Kirsty Brotherthon said:’My 7 year old son who loves attending school is struggling with home online learning. We are currently using the ‘SeeSaw’ app and it is proving difficult to use as the app is intermittent. 

‘Personally, my son finds it easier using a pen and paper, the app is so hard for a 7 year old to use. I also don’t think the work provided is up to scratch. He has started making excuses up and true everything in his power to get out of home learning.

‘It is also seriously effecting his mental health and behaviour. He is usually such a happy child, but due to him not attending school, this is now not the case.

‘I am deeply concerned and pray for the schools to open soon.’

The Government is hoping a majority of pupils will be able to return to classrooms soon after the first review of the national lockdown on February 15. 

MPs on the Education Select Committee yesterday also demanded a guarantee ‘signed in blood’ from Mr Williamson that schools will reopen as soon as possible. 
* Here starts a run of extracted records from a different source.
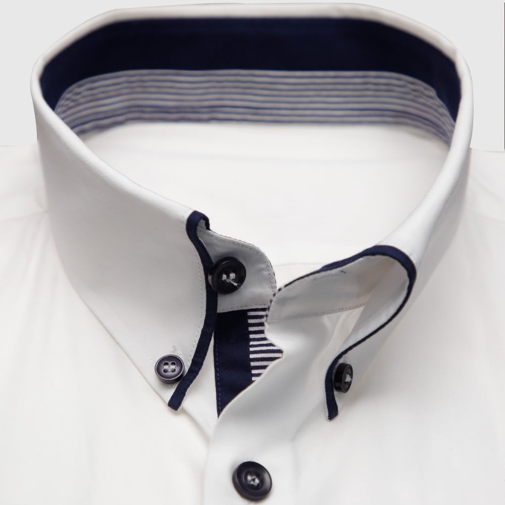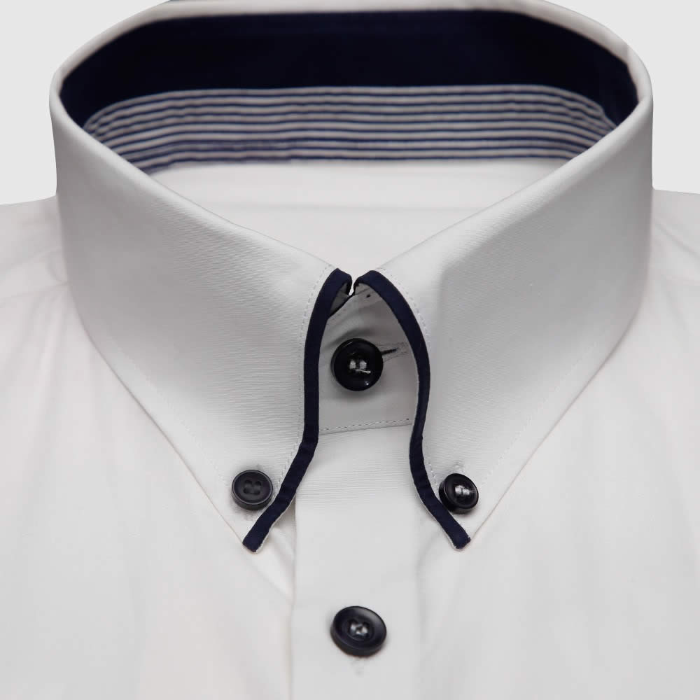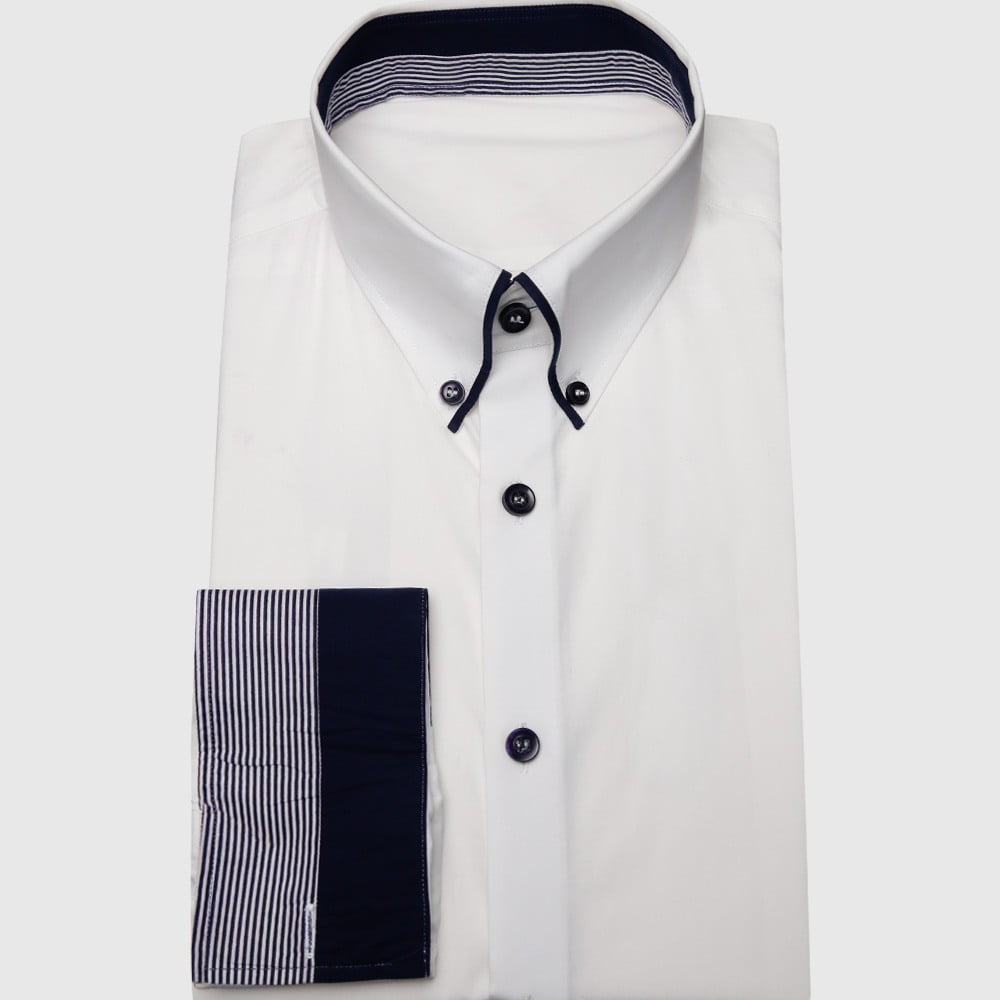 100% cotton white formal shirt with a widespread collar, full sleeves, and white matching buttons.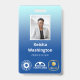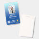 Vertikales Abzeichen von Büroangestellten mit einfachem Design und einem Farbverlauf von blass bis himmelblau. Fügen Sie ein Foto des Mitarbeiters zusammen mit Namen und Beruf hinzu. Personalisieren Sie weitere mit drei Unternehmenslogos.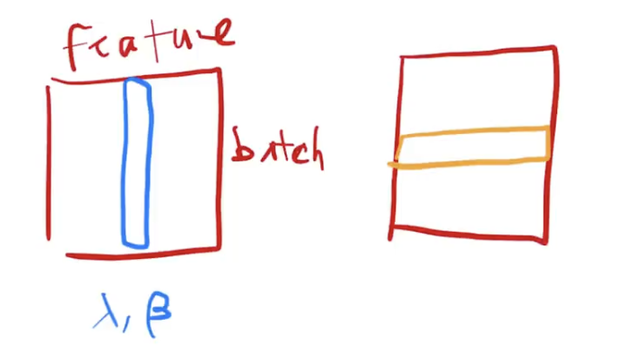 - batchnorm:对每个特征列,把它在一个 mini-batch 里的均值变成0,方差变成1(就是把向量本身的均值减掉,除以方差)。训练时,均值方差是在小批量里算的。预测时,算全局的均值,整个数据扫一遍,在所有数据上的均值方差存起来。bn还会学一个lamta,gama,可以把这个向量通过学习,放成任意方差,均值为某个值的东西。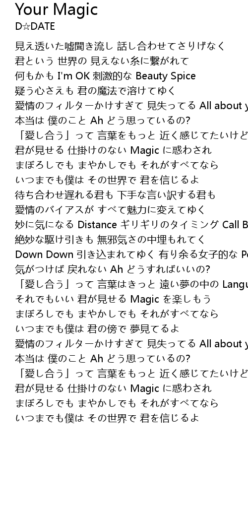 | 君が見せる 仕掛けのない Magic に惑わされ | |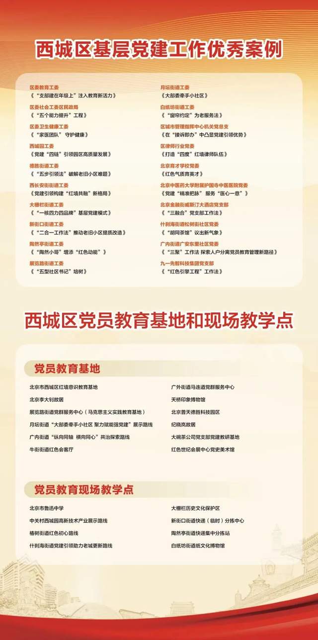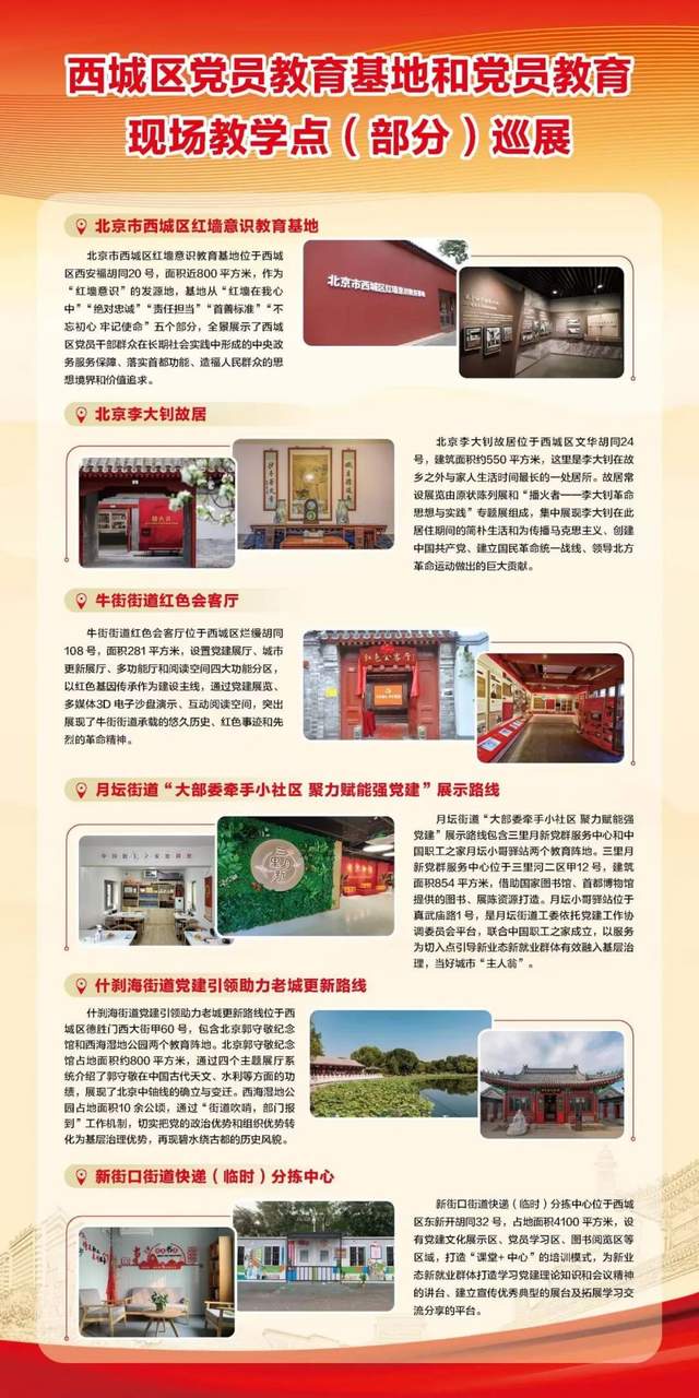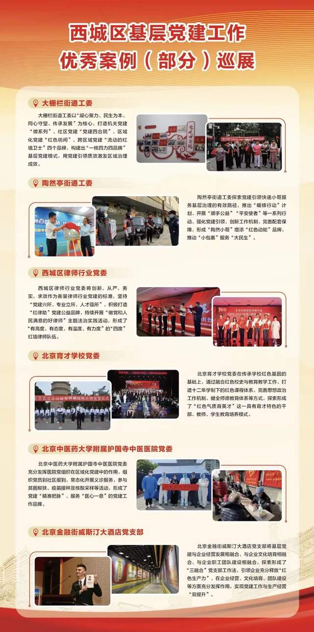 此次展览用图文并茂的形式生动呈现了“陶然小哥”“红律助”“红色气质育英才”、大栅栏街道“党建四合院”等西城区基层党建工作优秀案例,宣介了西城区红墙意识教育基地、李大钊故居、牛街街道红色会客厅、月坛街道“大部委牵手小社区 聚力赋能强党建”展示路线、什刹海街道党建引领助力老城更新路线、新街口街道快递(临时)分拣中心等党员教育基地(现场教学点)。展览用鲜活的图文语言、极具地区特色的内容与过往市民形成良好互动,以开放姿态欢迎南来北往的旅客前往西城区各个党群服务阵地“打卡”。

Meanwhile, the Education Secretary also declined to guarantee that nurseries will continue to be allowed to open as he would only go so far as to say he had ‘no intention’ to close them. 
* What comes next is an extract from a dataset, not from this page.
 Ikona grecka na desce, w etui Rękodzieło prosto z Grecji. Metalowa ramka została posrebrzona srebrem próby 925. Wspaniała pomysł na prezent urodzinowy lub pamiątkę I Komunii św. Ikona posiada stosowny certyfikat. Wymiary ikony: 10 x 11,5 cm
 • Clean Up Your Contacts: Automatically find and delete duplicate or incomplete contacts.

The Government used a so-called contingency framework before lockdown which allowed ministers to move primary schools in coronavirus hotspots to remote learning. 

Mr Williamson said the framework will be used again when lockdown is eased in an apparent admission that some schools could remain shut potentially long into the future.  

He told MPs: ‘We already have the sort of set scheme in terms of contingency framework. 

‘Obviously as I have said many times before I want schools to be closed for the shortest period of time available. 

‘But the contingency framework would be sort of sat there to sort of continue if there [are] areas of particular need where we had to have school settings continued to remain closed, it would be through the contingency framework that they would remain closed.’ 

Robert Halfon, the Tory chairman of the committee, said he wanted a commitment to reopen schools as soon as possible, and ideally after the February half-term, ‘signed in blood’ by Mr Williamson. 

Mr Halfon also pushed the Education Secretary on whether nurseries in England will be allowed to stay open.   

Mr Williamson said: ‘Nurseries, we always, Mr Chairman, I am very much like you, I always want to see all education settings open all of the time.

‘I always want to ensure that every child is in a position to be able to go to school and as you will be aware, transmissibility among those who are most youngest is actually the very lowest compared to all of the settings. 

‘So when you are in a position to be able to keep part of the education sector in terms of early years, I believe it was the right decision to make because so many families really rely on that nursery provision.

‘But most importantly, those early years are so important…’

Mr Halfon then interrupted and pushed Mr Williamson for a guarantee that nurseries will be allowed to stay open. 

Mr Williamson replied: ‘The advice that we have had is that we can keep early years settings open and there is no intention to close them and we have not received any contrary advice to that.’